= Material supplied =
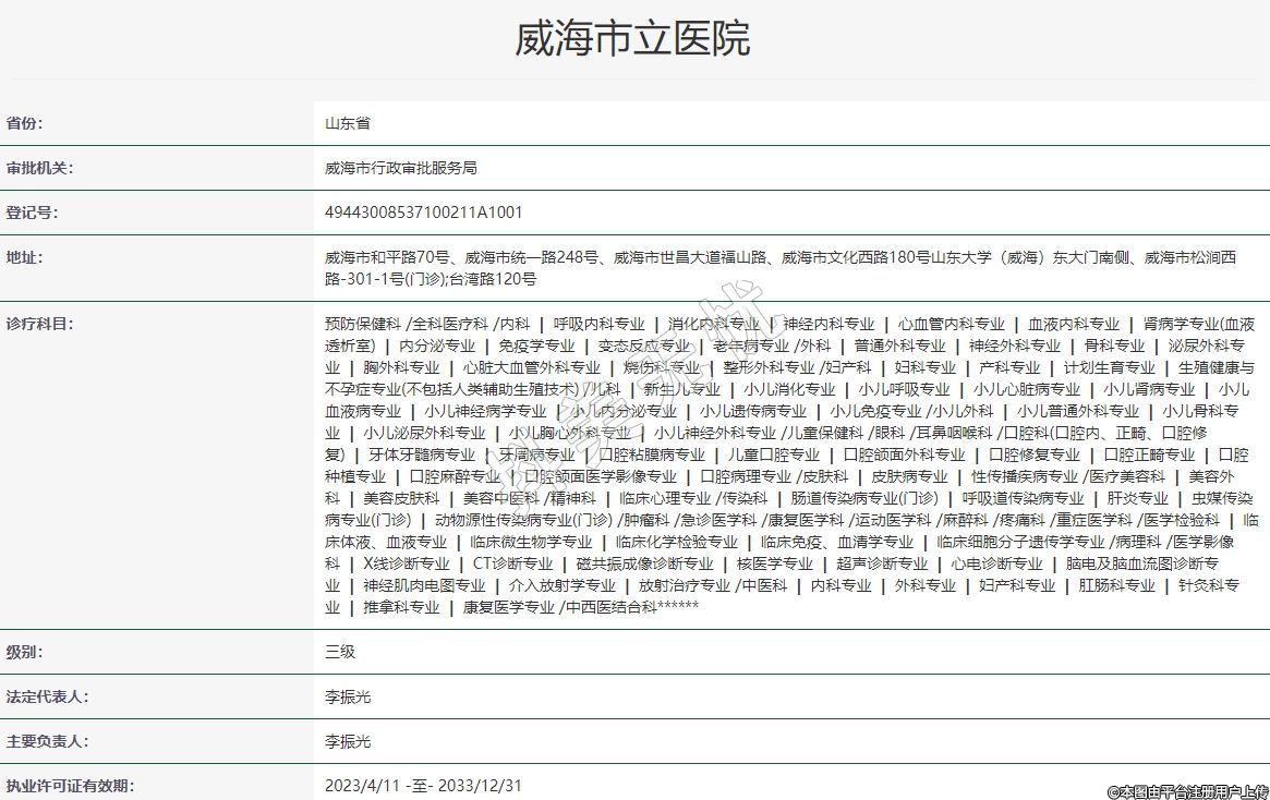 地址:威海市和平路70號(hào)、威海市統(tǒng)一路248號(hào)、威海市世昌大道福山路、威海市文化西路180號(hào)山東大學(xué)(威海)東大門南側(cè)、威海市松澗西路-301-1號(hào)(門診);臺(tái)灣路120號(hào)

* * *

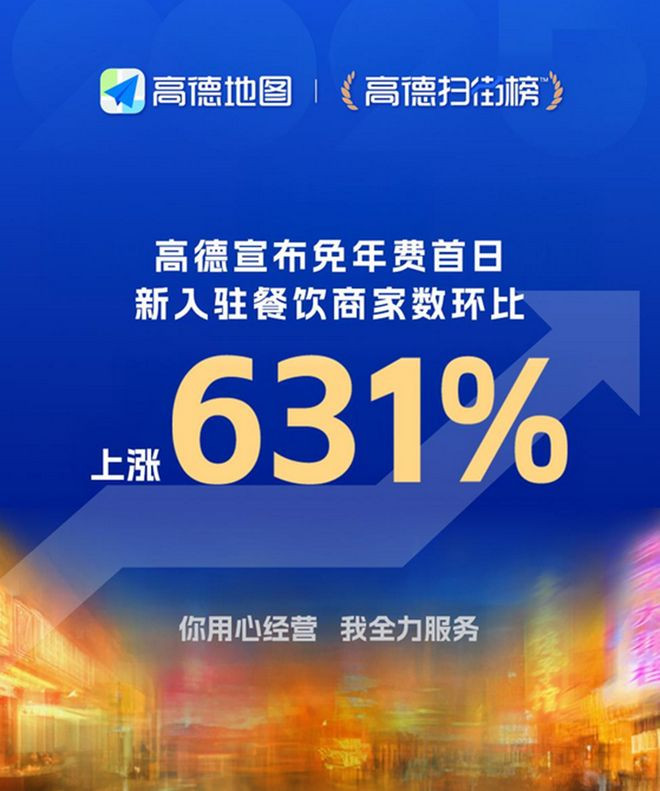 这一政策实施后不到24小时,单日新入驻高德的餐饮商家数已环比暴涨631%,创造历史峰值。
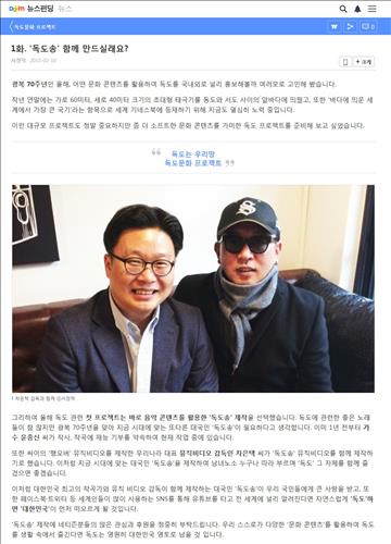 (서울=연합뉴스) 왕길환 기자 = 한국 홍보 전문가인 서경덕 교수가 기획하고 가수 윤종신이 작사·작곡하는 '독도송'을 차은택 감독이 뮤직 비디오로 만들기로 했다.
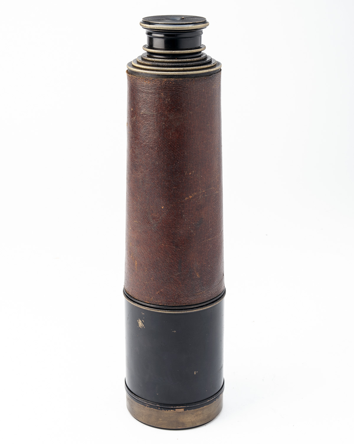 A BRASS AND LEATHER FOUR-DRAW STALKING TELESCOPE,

= Problem details =
From the listing above, please give again the lines that begin with the line holding "(서울=연합뉴스) 왕길환 기자" and go on through the line holding "A BRASS AND", exactly, both ends included, minus any picture.

= Your response =
 (서울=연합뉴스) 왕길환 기자 = 한국 홍보 전문가인 서경덕 교수가 기획하고 가수 윤종신이 작사·작곡하는 '독도송'을 차은택 감독이 뮤직 비디오로 만들기로 했다.
 A BRASS AND LEATHER FOUR-DRAW STALKING TELESCOPE,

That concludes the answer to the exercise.